Splunk® Enterprise

Managing Indexers and Clusters of Indexers

Download manual as PDF

This documentation does not apply to the most recent version of Splunk. Click here for the latest version.
Download topic as PDF

Upgrade a cluster

Important: All cluster nodes (master, peers, and search head) must be running the same version of Splunk Enterprise. When you upgrade one node, upgrade them all.

The upgrade process differs depending on whether you're upgrading from 5.x to 6.x or merely upgrading from one maintenance release to the next (for example, 6.0 to 6.0.1).

Upgrade from 5.x to 6.x

When you upgrade from a 5.x cluster to a 6.x cluster, you must take down all cluster nodes (master, peers, and search heads). You cannot perform a rolling, online upgrade.

Perform the following steps:

1. On the master, run the safe_restart_cluster_master script with the --get_list option:

splunk cmd python safe_restart_cluster_master.py <master_uri> --auth <username>:<password> --get_list 

Note: For the master_uri parameter, use the URI and port number of the master node. For example: https://10.152.31.202:8089

This command puts a list of all cluster bucket copies and their states into the file $SPLUNK_HOME/var/run/splunk/cluster/buckets.xml. This list gets fed back to the master after the master upgrade.

Important: To obtain a copy of this script, copy and paste it from here: "The safe_restart_cluster_master script".

For information on why this step is needed, see "Why the safe_restart_cluster_master script is necessary".

2. Stop the master.

3. Stop all the peers and search head(s).

Note: When bringing down the peers, use the splunk stop command, not splunk offline.

4. Upgrade the master node, following the normal procedure for any Splunk Enterprise upgrade, as described in "How to upgrade Splunk" in the Installation Manual. Do not upgrade the peers yet.

5. Start the master, accepting all prompts, if it is not already running.

6. Run the splunk apply cluster-bundle command, using the syntax described in "Update common peer configurations and apps". (This step is necessary to avoid extra peer restarts, due to a 6.0 change in how the configuration bundle checksum is calculated.)

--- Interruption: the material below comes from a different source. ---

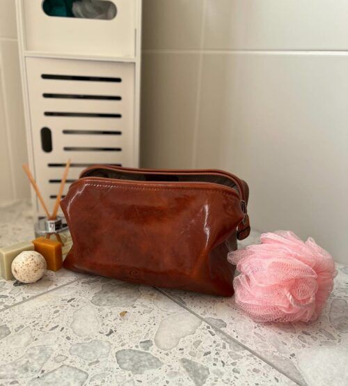 This cosmetic bag is made from high-quality leather. It's roomy enough to fit all of your daily essentials, including a shampoo bottle. It also has an inside pocket for extra storage and a wide frame opening for easy access.

7. Run splunk enable maintenance-mode on the master. To confirm that the master has entered maintenance mode, run splunk show maintenance-mode. This step prevents unnecessary bucket fix-ups.

8. Upgrade the peer nodes and search head, following the normal procedure for any Splunk Enterprise upgrade, as described in "How to upgrade Splunk" in the Installation Manual.

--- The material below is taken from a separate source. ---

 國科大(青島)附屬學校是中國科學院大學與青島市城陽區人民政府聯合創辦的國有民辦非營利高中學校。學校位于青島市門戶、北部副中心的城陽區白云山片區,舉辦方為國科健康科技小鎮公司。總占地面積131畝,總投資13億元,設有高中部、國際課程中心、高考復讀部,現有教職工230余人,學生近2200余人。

9. Start the peer nodes and search head, if they're not already running.

10. On the master, run the safe_restart_cluster_master script again, this time with the freeze_from option, specifying the location of the bucket list created in step 1:

splunk cmd python safe_restart_cluster_master.py <master_uri> --auth <username>:<password> --freeze_from <path_to_buckets_xml>

For example:

splunk cmd python safe_restart_cluster_master.py <master_uri> --auth admin:changeme --freeze_from $SPLUNK_HOME/var/run/splunk/cluster/buckets.xml 

This feeds the master the list of frozen buckets obtained in step 1.

11. Run splunk disable maintenance-mode on the master. To confirm that the master has left maintenance mode, run splunk show maintenance-mode.

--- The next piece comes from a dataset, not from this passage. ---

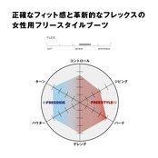 正確なフィット感とプログレッシブフレックスを提供するKiana Dual BOA®はフリースタイルなライディング性能に特化したブーツです。ミディアムフレックスのブーツにゾーンごとの締め分けを採用し、プレシジョンハーネスが踵の浮きをおさえることで、心地の良いフィット感を提供します。フィットトゥライド構造を採用することで、軽量でありながら高い耐久性を提供し、足元にはグリップ力と衝撃吸収力を提供します。
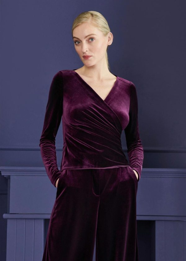 with our top, it’s almost as if the fashion fairy granted all your wishes all at once. this top made of super soft velvet which stretch in both direction gives you an unbelievable freedom of movement and comfort. short sleeves, beautiful neckline, figure flattering drapes at the waist and as easy to wear as a t-shirt. wear it with jeans for a casual look, under your favorite suit to the office and with a dramatic statement skirt to a concert or a cocktail. your options are limitless.

You can view the master dashboard to verify that all cluster nodes are up and running.

Why the safe_restart_cluster_master script is necessary

The safe_restart_cluster_master script takes care of a problem in the way the 5.x master node handles frozen bucket copies. This problem is fixed starting with release 6.0; however, it is still an issue during master upgrades from 5.x. This section provides detail on the issue.

When a peer freezes a copy of a bucket, the master stops doing fix-ups on that bucket. It operates under the assumption that the other peers will eventually freeze their copies of that bucket as well.

This works well as long as the master continues to run. However, because (in 5.x) the knowledge of frozen buckets is not persisted on either the master or the peers, if you subsequently restart the master, the master will treat frozen copies (in the case where unfrozen copies of that bucket still exist on other peers) as missing copies and will perform its usual fix-up activities to return the cluster to a complete state. If the cluster has a lot of partially frozen buckets, this process can be lengthy. Until the process is complete, the master will not be able to commit the next generation.

To prevent this situation from occurring when you restart the master after upgrading to 6.0, you must run the safe_restart_cluster_master script on the master. As described in the upgrade procedure, when you initially run this script on the 5.x master with the --get_list option, it creates a list of all cluster bucket copies and their states, including whether they are frozen. When you then rerun it after upgrading the master to 6.x, using the freeze_from option, it feeds the list to the upgraded master so that it doesn't attempt fix-up of the frozen buckets.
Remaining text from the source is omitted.